- Court: Court of Appeal of New Zealand
- Full case name: Alister Taylor v Margaret Lorraine Beere
- Decided: 19 March 1982
- Citation: [1982] 1 NZLR 81
- Transcript: High Court judgment

Court membership
- Judges sitting: Cooke P, Richardson J, Somers J

Keywords
- negligence, defamation, exemplary damages

= Taylor v Beere =

Taylor v Beere [1982] 1 NZLR 81 is a cited case in New Zealand regarding exemplary damages in tort

==Background==
Mrs Beere had one of her friends who was an amateur photographer take a photograph of her and her granddaughter in their home.

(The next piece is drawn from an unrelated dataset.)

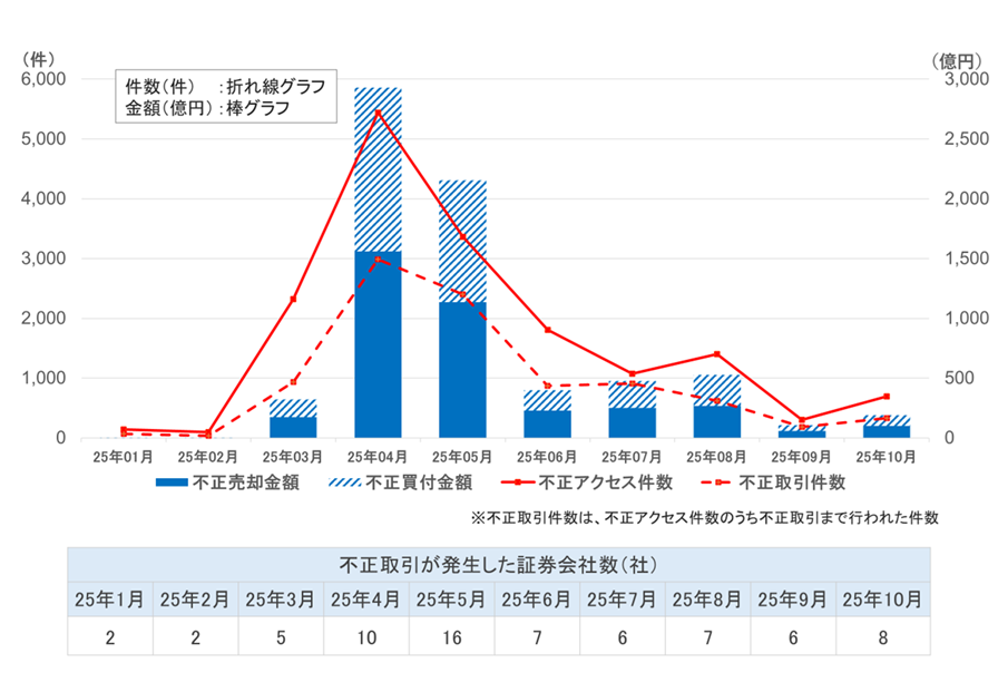金融庁が発表したインターネット取引サービスの不正アクセス件数は、2025年初頭から5月までに被害件数は累計5958件です。証券口座を狙った不正取引が急増し、被害総額は5000億円を超えます。

In 1972, Beere discovered that another friend, controversial publisher Alister Taylor, had obtained the negative, and was planning to print a guidebook for teenagers called "Down under the Plum Trees" about sex, alcohol and drug use featuring this photo.

Beere wrote to Taylor, demanding that her photo not be used in his book, but Taylor included this photo in the first 10,000 books.

Her photo featuring in such a book caused Beere embarrassment, as people thought she had agreed to be in the book.

As a result, Beere sued for defamation.

==Held==
Beere was awarded $12,500 in damages, which included an award for exemplary damages.